Now, once the primarily and properly judicial character of Christ’s action on the cross has been understood and accepted, we rightly indulge in enthusiastic and hilarious celebration of Christ’s cross as power. All the power of an ordered government is available for enforcing the judgments of the judiciary. So long as a man is under the judgment of God, there is a kind of legitimacy of sin’s and Satan’s harassment of him, and death’s title to him is absolutely indisputable by God’s own ruling. Remove the judgment and all these evils become fair game; in principle they have already been crushed. Pointing to his letter of pardon the former death-cell occupant may well exult: “By this I have handcuffed the hangman and uprooted the gallows.”

But if we end up either way celebrating the same power results—the vanquishing of sin, death, and the devil and the glorious opening of the gates of life—then is not the distinction between a primarily power conception and an expiation-atonement understanding of the cross academic and barren?
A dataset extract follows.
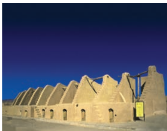
شکل ۳۹-۱۲ آسبادهای خوانشرف نهبندان

Not at all. To short-circuit the primarily judicial significance of the cross is not only a violation of scriptural teaching and of reason; it is also antagonistic to a saving faith. The theology of a man—if what he has is a theology—is all of a piece; and such is the integration of doctrine, as well as of doctrine and life, that what a man thinks of the cross of Christ, particularly in view of the centrality of the cross, is bound to affect deeply what he thinks of himself and the kind of salvation he needs. And the reverse is true also. In fact, a man’s view of the cross is the best clue to his whole system. Misconception of the cross entails misconception all down the line and must tend toward malformation of faith.
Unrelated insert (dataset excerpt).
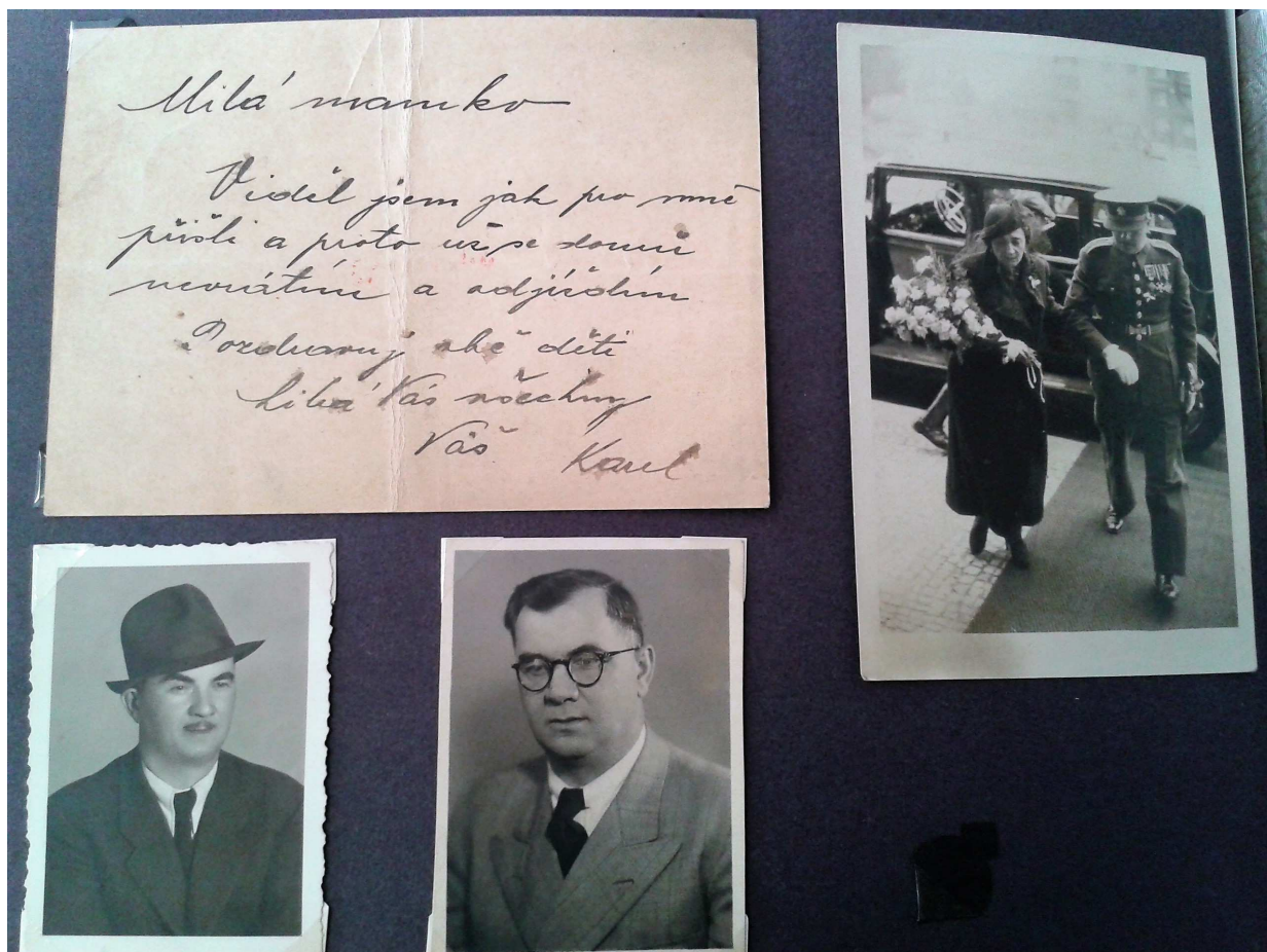
Přeměna tatínka, aby ho nacisté nepoznali.

Consider the attitude to sin and salvation natural to one who short-circuits the judicial significance of the cross and looks upon Christ’s death as directly a power deliverance from the three tyrants. There is nothing necessarily reprehensible and shameful in being a captive. Thousands of lovely and noble-minded princesses have been captured by ugly bandits and robber barons and remained as honorable as ever even though they never got away. Nor does calling one of the bandits Sin really change the picture. It may just be a case of touching one’s hat to an ancient theological term with no real sense of its meaning. Sin conceived of merely as an arm-twister is not the foe whom Christ died to vanquish. The thing about sin is that it never twists merely an arm but also the will and the desires; indeed, it is itself a fearful twisting of the whole man and therefore a corruption and depravity, uniquely in the whole world, reprehensible, culpable, and condemned. The captive princess is not our story. Not only is the figure flagrantly inaccurate—we have indeed been taken captive by the forces of evil, but we love our captors; it is also flattering and titillating to the pride of man. Nothing so radically tickles a man’s pride as a denial or at least some de-peccatation of his sin.
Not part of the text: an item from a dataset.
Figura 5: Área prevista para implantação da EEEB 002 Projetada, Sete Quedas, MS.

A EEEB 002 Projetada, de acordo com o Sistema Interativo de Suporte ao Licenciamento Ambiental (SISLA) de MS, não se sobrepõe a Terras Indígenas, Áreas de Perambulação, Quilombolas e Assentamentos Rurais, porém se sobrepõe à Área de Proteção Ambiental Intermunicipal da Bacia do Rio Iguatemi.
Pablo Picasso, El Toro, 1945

A deep repentance cannot go with shallow notions of sin, nor a deep faith with a shallow repentance. Here our model, since it cannot be Christ, must be David, whose fifty-first psalm is a divinely inspired formulary of penitence. In it he evinces the incredible grace of joining with God in desiring for himself (David) “truth in the inward parts.” Surely a repudiation of all complimentary self-deceptions and a facing up to the sinfulness of sin and the radicalness of one’s corruption is the truth in the inward parts here indicated, as well as a condition of attaining a saving faith.

We then come upon the massive and confirmatory fact that conscience thus awakened and rectified finds no peace except in the Gospel of a Saviour crucified to take away guilt and condemnation. If faith cannot lay hold on him, it is condemned as a fearful exercise in futility and self-deception.

It is exceedingly instructive that the thief on the cross—who undeniably had a saving view of Christ’s cross—described his own condition and Christ’s with exactly the same term, condemnation, the sole distinction being that it was justly incurred in his own case and unjustly in Christ’s; and that having done so he turned to Christ with a prayer for a place in his kingdom—and got it!